Japanese current account surplus dips
TOKYO - Agence France-Presse
A man cycles in a shipping container area in Tokyo in this file photo. Weak exports hit Japan’s current account surplus in 2011-2012 fiscal year dropping to $99 billion. REUTERS photo
Japan’s current account surplus halved in the year to March, a record year-on-year fall on higher fuel costs and weak exports, and the nation’s smallest surplus since the mid-1990s.Japan logged a surplus of 7.893 trillion yen ($99.0 billion) in the 2011-12 fiscal year, down 52.6 percent from a year earlier and the smallest yearly surplus since fiscal 1996, data from the finance ministry showed. The year-on-year percentage drop was the sharpest since comparable data began in fiscal 1985, according to the ministry.

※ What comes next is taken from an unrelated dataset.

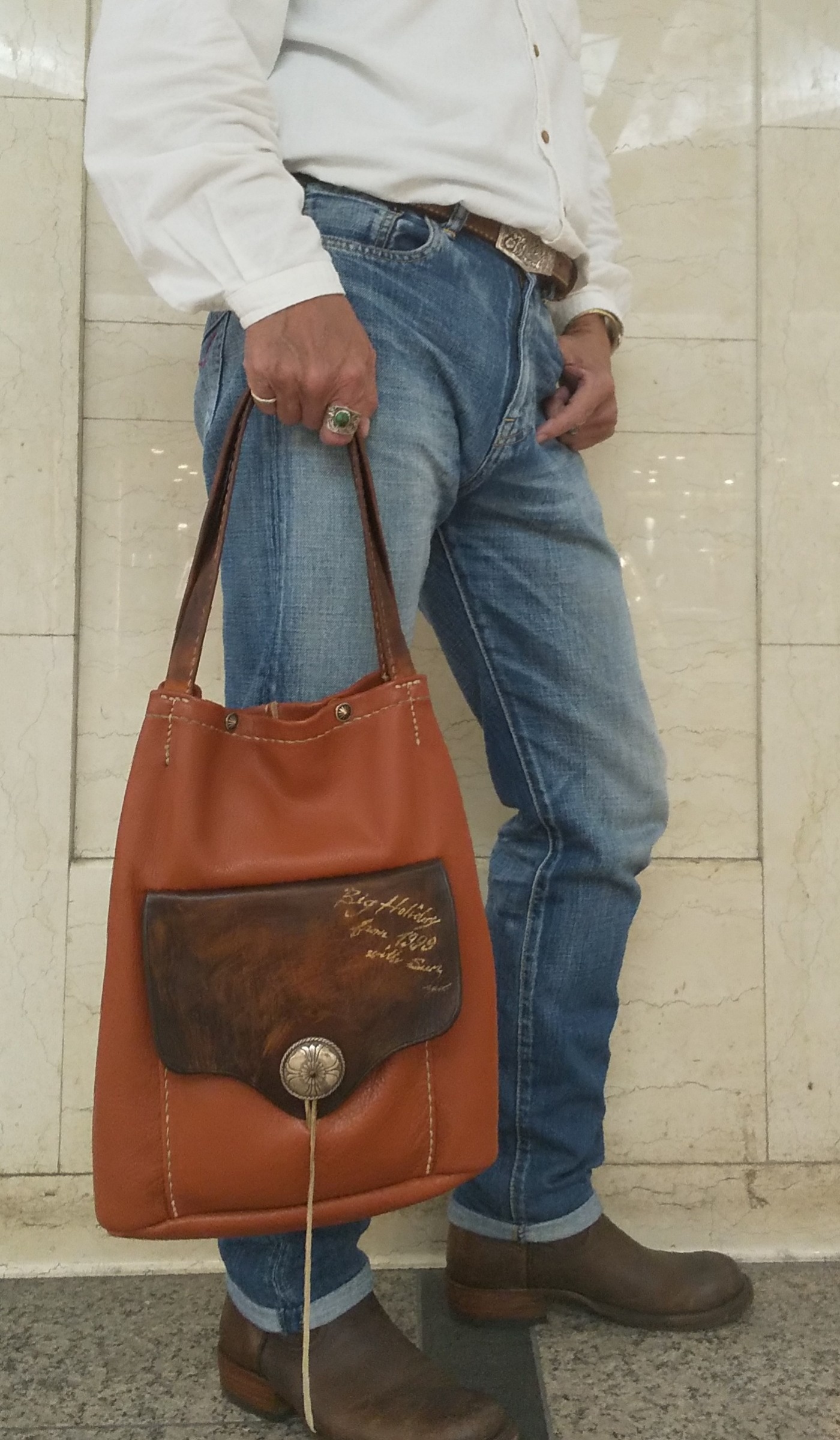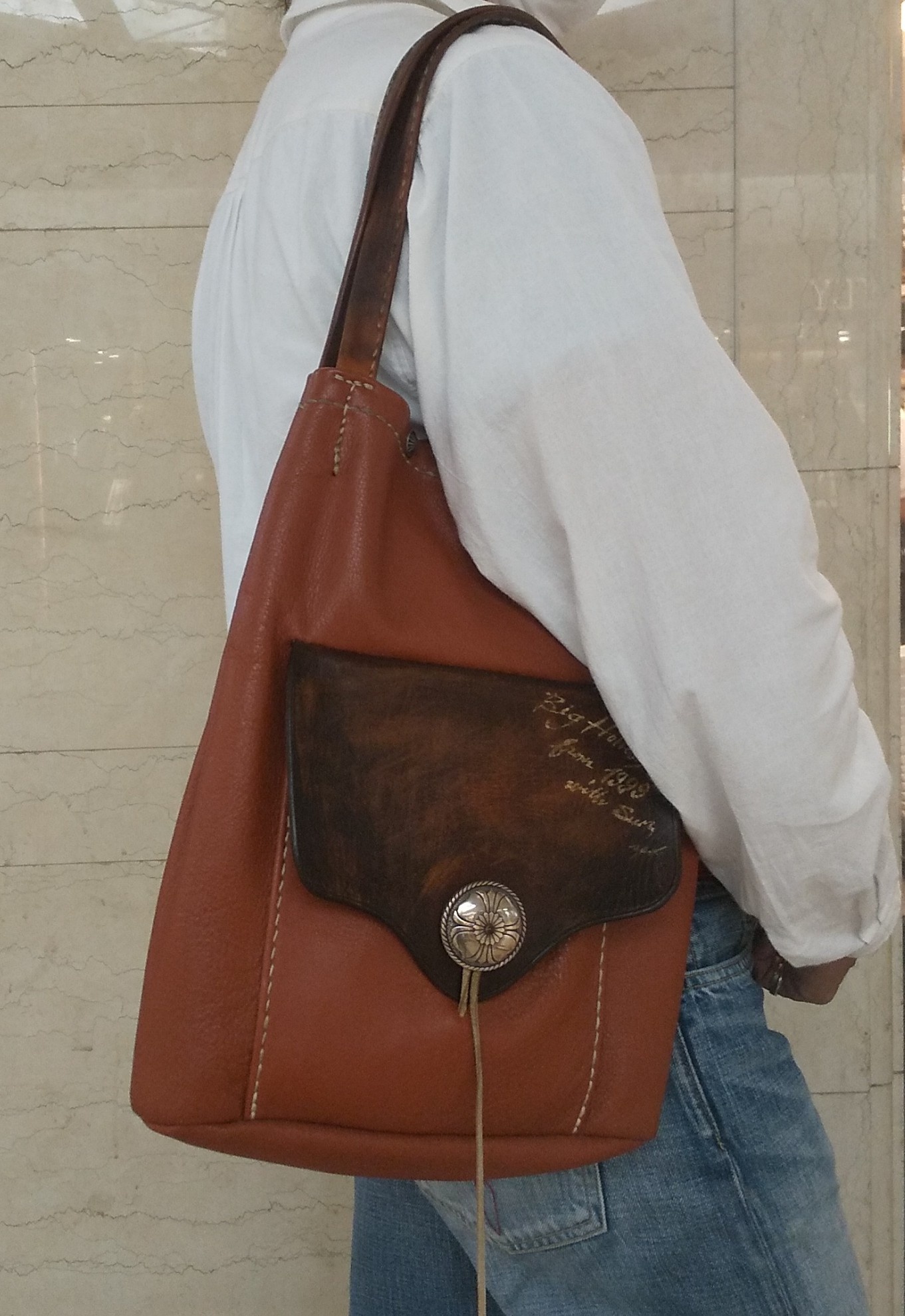 本体のクロム鞣しと、フロントポケット・ベルト部分の渋鞣しヴィンテージ加工の両方を楽しめるdayscraftのトートバッグ。拘りの貴方にお薦めです。

The latest reading, the broadest measure of Japan’s trade with the rest of the world, came as the debt crisis in Europe –a key market for Japanese exports– and the soaring yen weighed. The country’s current account balance has taken a hit since the March 2011 quake-tsunami disaster, which pounded the world’s third-largest economy.

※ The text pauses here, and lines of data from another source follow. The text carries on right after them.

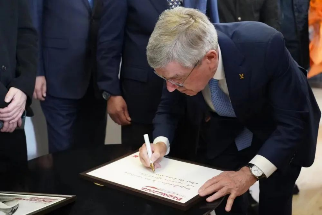巴赫在海报上签名,并将其赠送给北京冬奥组委、北京2008年奥运会和北京2022年冬奥会的“双奥”遗产机构——北京奥运城市发展促进会等。志愿者代表向巴赫赠送了大麦及鲜花。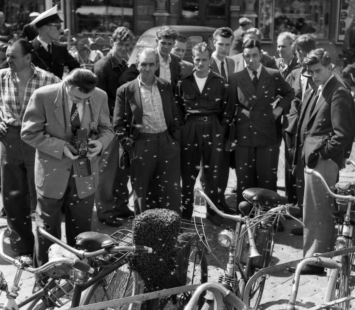 En bisvärm slog sig ner på en cykel i juni 1953 under värmeböljan. På bilden ser man även linköpingsfotografen Arne Gustafsson dokumentera händelsen. Östgötens rubrik den dagen var fyndigt nog "Bicykel".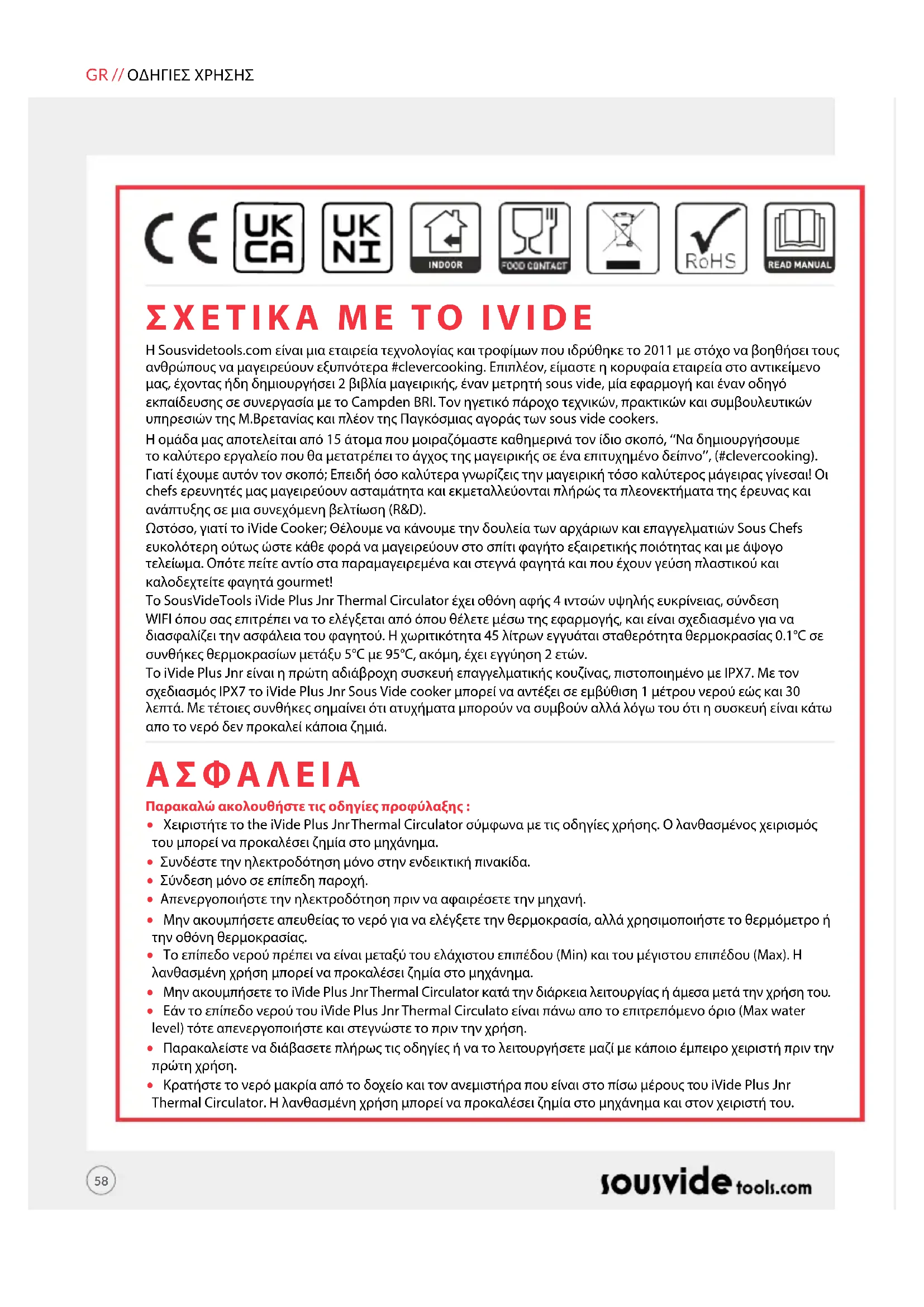 Η Sousvidetools.com είναι μια εταιρεία τεχνολογίας και τροφίμων που ιδρύθηκε το 2011 με στόχο να βοηθήσει τους ανθρώπους να μαγειρεύουν εξυπνότερα #clevercooking. Επιπλέον, είμαστε η κορυφαία εταιρεία στο αντικείμενο μας, έχοντας ήδη δημιουργήσει 2 βιβλία μαγειρικής, έναν μετρητή sous vide, μία εφαρμογή και έναν οδηγό εκπαίδευσης σε συνεργασία με το Campden BRI. Τον ηγετικό πάροχο τεχνικών, πρακτικών και συμβουλευτικών υπηρεσιών της Μ.Βρετανίας και πλέον της Παγκόσμιας αγοράς των sous vide cookers. H ομάδα μας αποτελείται από 15 άτομα που μοιραζόμαστε καθημερινά τον ίδιο σκοπό, ‘‘Να δημιουργήσουμε το καλύτερο εργαλείο που θα μετατρέπει το άγχος της μαγειρικής σε ένα επιτυχημένο δείπνο’’, (#clevercooking). Γιατί έχουμε αυτόν τον σκοπό; Επειδή όσο καλύτερα γνωρίζεις την μαγειρική τόσο καλύτερος μάγειρας γίνεσαι! Οι chefs ερευνητές μας μαγειρεύουν ασταμάτητα και εκμεταλλεύονται πλήρώς τα πλεονεκτήματα της έρευνας και ανάπτυξης σε μια συνεχόμενη βελτίωση (R&D). Ωστόσο, γιατί το iVide Cooker; Θέλουμε να κάνουμε την δουλεία των αρχάριων και επαγγελματιών Sous Chefs ευκολότερη ούτως ώστε κάθε φορά να μαγειρεύουν στο σπίτι φαγήτο εξαιρετικής ποιότητας και με άψογο τελείωμα. Οπότε πείτε αντίο στα παραμαγειρεμένα και στεγνά φαγητά και που έχουν γεύση πλαστικού και καλοδεχτείτε φαγητά gourmet! Το SousVideTools iVide Plus Jnr Thermal Circulator έχει οθόνη αφής 4 ιντσών υψηλής ευκρίνειας, σύνδεση WIFI όπου σας επιτρέπει να το ελέγξεται από όπου θέλετε μέσω της εφαρμογής, και είναι σχεδιασμένο για να διασφαλίζει την ασφάλεια του φαγητού. Η χωριτικότητα 45 λίτρων εγγυάται σταθερότητα θερμοκρασίας 0.1°C σε συνθήκες θερμοκρασίων μετάξυ 5°C με 95°C, ακόμη, έχει εγγύηση 2 ετών. Το iVide Plus Jnr είναι η πρώτη αδιάβροχη συσκευή επαγγελματικής κουζίνας, πιστοποιημένο με IPX7. Με τον σχεδιασμός IPX7 το iVide Plus Jnr Sous Vide cooker μπορεί να αντέξει σε εμβύθιση 1 μέτρου νερού εώς και 30 λεπτά. Με τέτοιες συνθήκες σημαίνει ότι ατυχήματα μπορούν να συμβούν αλλά λόγω του ότι η συσκευή είναι κάτω απο το νερό δεν προκαλεί κάποια ζημιά. Παρακαλώ ακολουθήστε τις οδηγίες προφύλαξης :
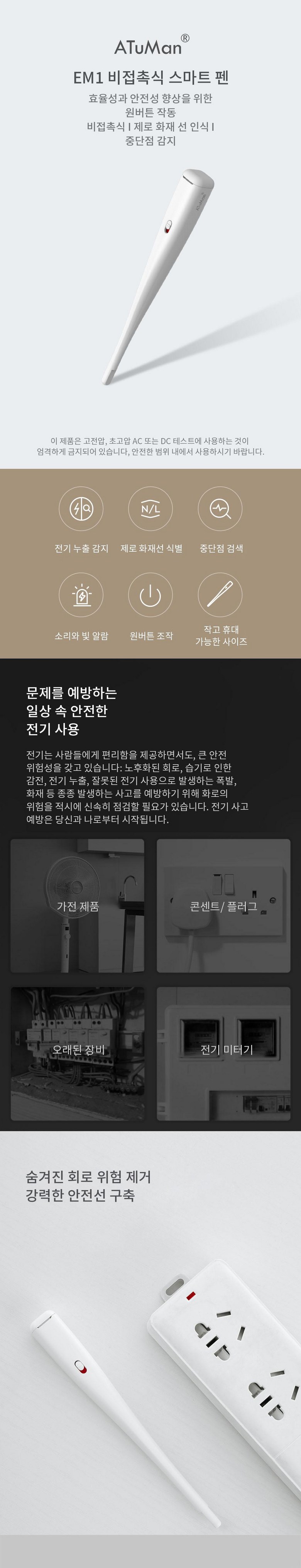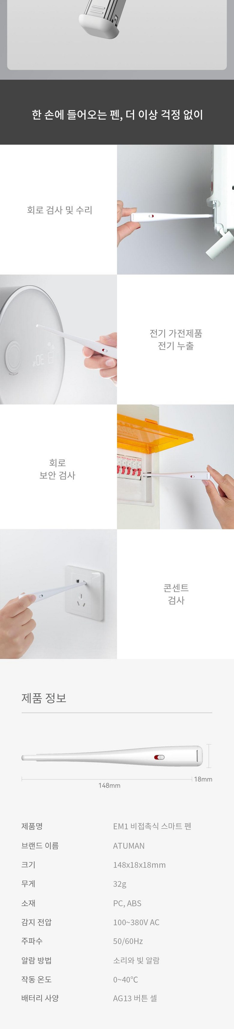 아투맨 EM1 비접촉 스마트 검전기 펜 화이트

Nuclear reactor shutdowns following the crisis have left Japan without atomic power for the first time since the 1970s, stoking fears about energy shortages.

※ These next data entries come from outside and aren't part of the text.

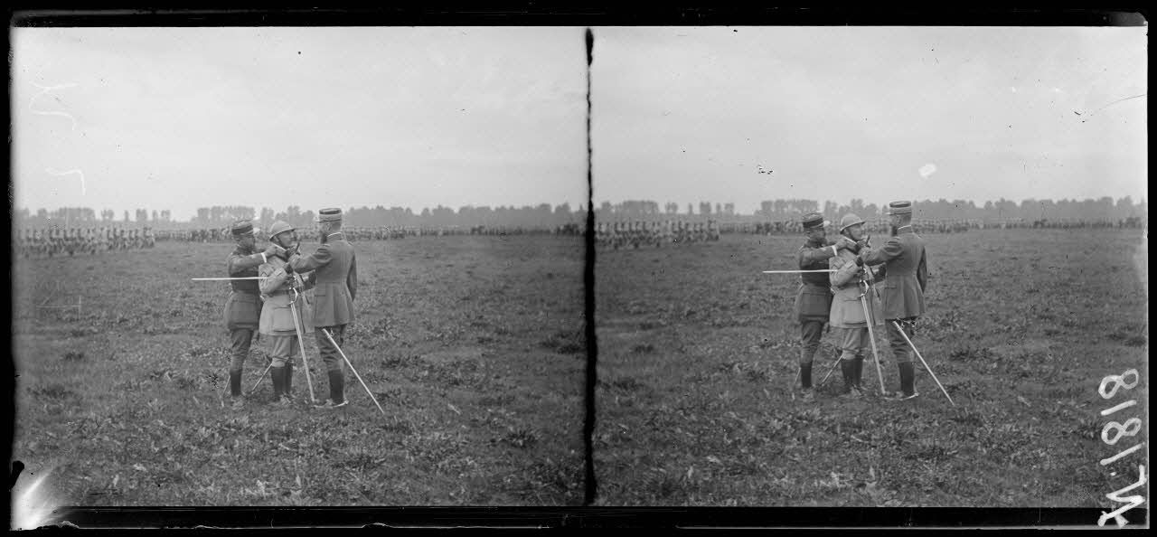 - À Condé-sur-Marne (Marne, le 13/08/1917), le général Gouraud, chef de la 4e armée, remet la cravate de commandeur au colonel Retrouvé, commandant l'infanterie de la 8e division d'infanterie (8e DI). Le général passe ensuite les troupes en revue. A ses côtés se tiennent le général Putz, commandant le 4e corps d'armée, le général Aldebert, commandant la 8e division d'infanterie, et le général Goigoux, commandant la direction des étapes et des services du groupe d'armées du centre.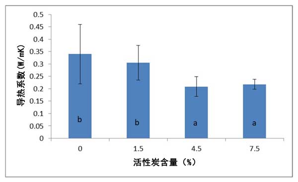 圖3:活性炭增強歐松板的導熱率值。圖3中的字母(a和b)表示具有同等重要性的樣本組聚集在一起。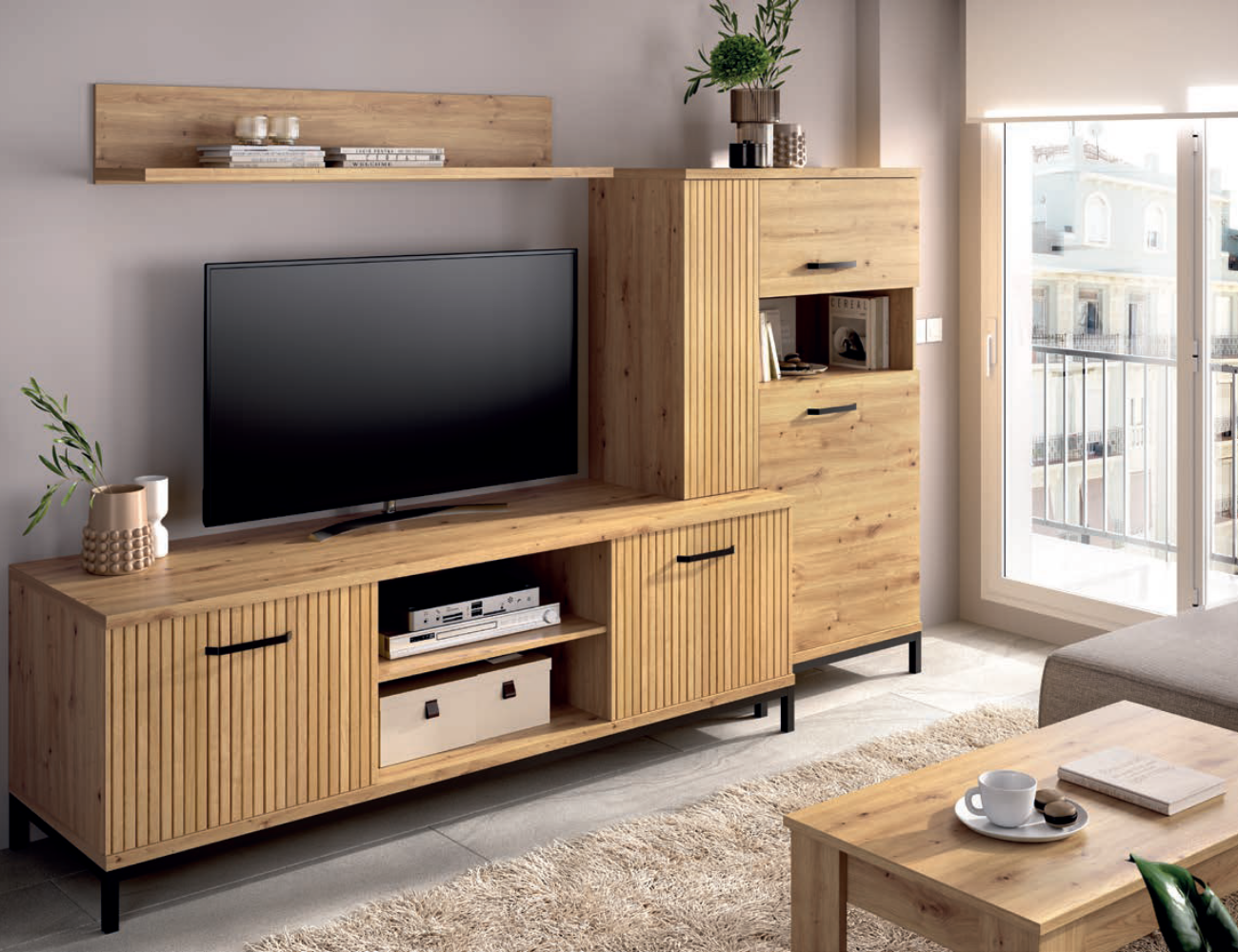 PVPR: 40,00 € 565,72 €Esta composición de salón se caracteriza por su estilo que combina la calidez del acabado Roble con la luminosidad de los frentes en Blanco. Presenta una estética elevada gracias a sus patas, que aportan ligereza visual y un toque de diseño nórdico retro, facilitando la limpieza del espacio. Con un ancho de 260 cm, incluye un amplio mueble de televisión y un módulo vertical que integra un práctico nicho abierto central, ofreciendo un equilibrio perfecto entre almacenaje cerrado y exhibición.

Nuclear power had previously supplied about one-third of the resource-poor nation’s energy needs.
Imports in the year to March soared 14.0 percent because of higher oil prices as well as increased demand for fossil fuel to ramp up thermal power generation as last year’s tsunami-sparked nuclear disaster spawned anti-atomic sentiment.
Exports over the same period fell 2.8 percent.